I have a 256 bit AVX register containing 4 single precision complex numbers stored as real, imaginary, real, imaginary, etc. I'm currently writing the entire 256 bit register back to memory and summing it there, but that seems inefficient.
How can the complex number horizontal sum be performed using AVX (or AVX2) intrinsics? I would accept an answer using assembly if there is not an answer with comparable efficiency using intrinsics.
Edit: To clarify, if the register contains AR, AI, BR, BI, CR, CI, DR, DI, I want to compute the complex number (AR + BR + CR + DR, AI + BI + CI + DI).
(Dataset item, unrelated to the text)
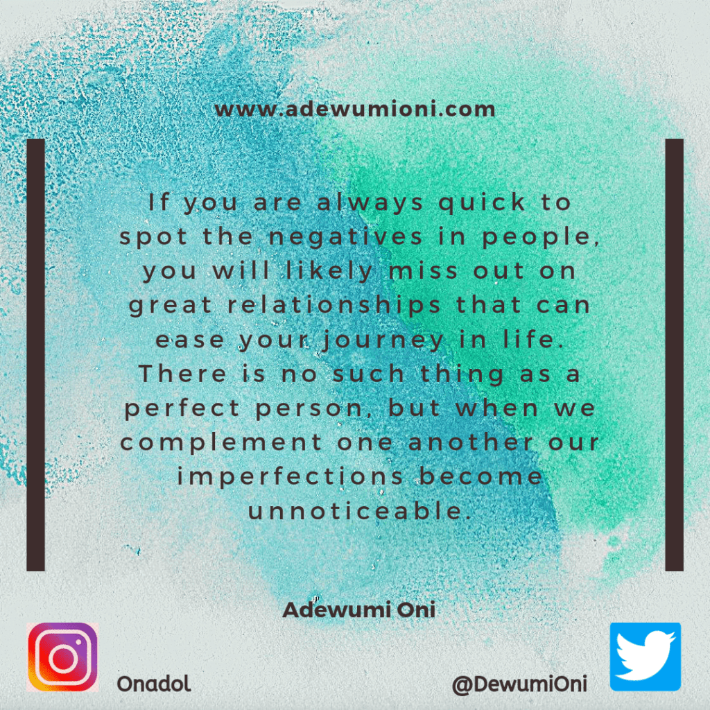 Train your mind to look out for positives in others, you will be surprised that you have always had what you want around you.

If the result is in a 256 bit register, I can extract the 2 single precision floating point numbers.
Edit2: Potential solution, though not necessarily optimal...
float hsum_ps_sse3(__m128 v) {
__m128 shuf = _mm_movehdup_ps(v); // broadcast elements 3,1 to 2,0
__m128 sums = _mm_add_ps(v, shuf);
shuf = _mm_movehl_ps(shuf, sums); // high half -> low half
sums = _mm_add_ss(sums, shuf);
return _mm_cvtss_f32(sums);
}
float sumReal = 0.0;
float sumImaginary = 0.0;
__m256i mask = _mm256_set_epi32 (7, 5, 3, 1, 6, 4, 2, 0);
// Separate real and imaginary.
__m256 permutedSum = _mm256_permutevar8x32_ps(sseSum0, mask);
__m128 realSum = _mm256_extractf128_ps(permutedSum , 0);
__m128 imaginarySum = _mm256_extractf128_ps(permutedSum , 1);
// Horizontally sum real and imaginary.
sumReal = hsum_ps_sse3(realSum);
sumImaginary = hsum_ps_sse3(imaginarySum);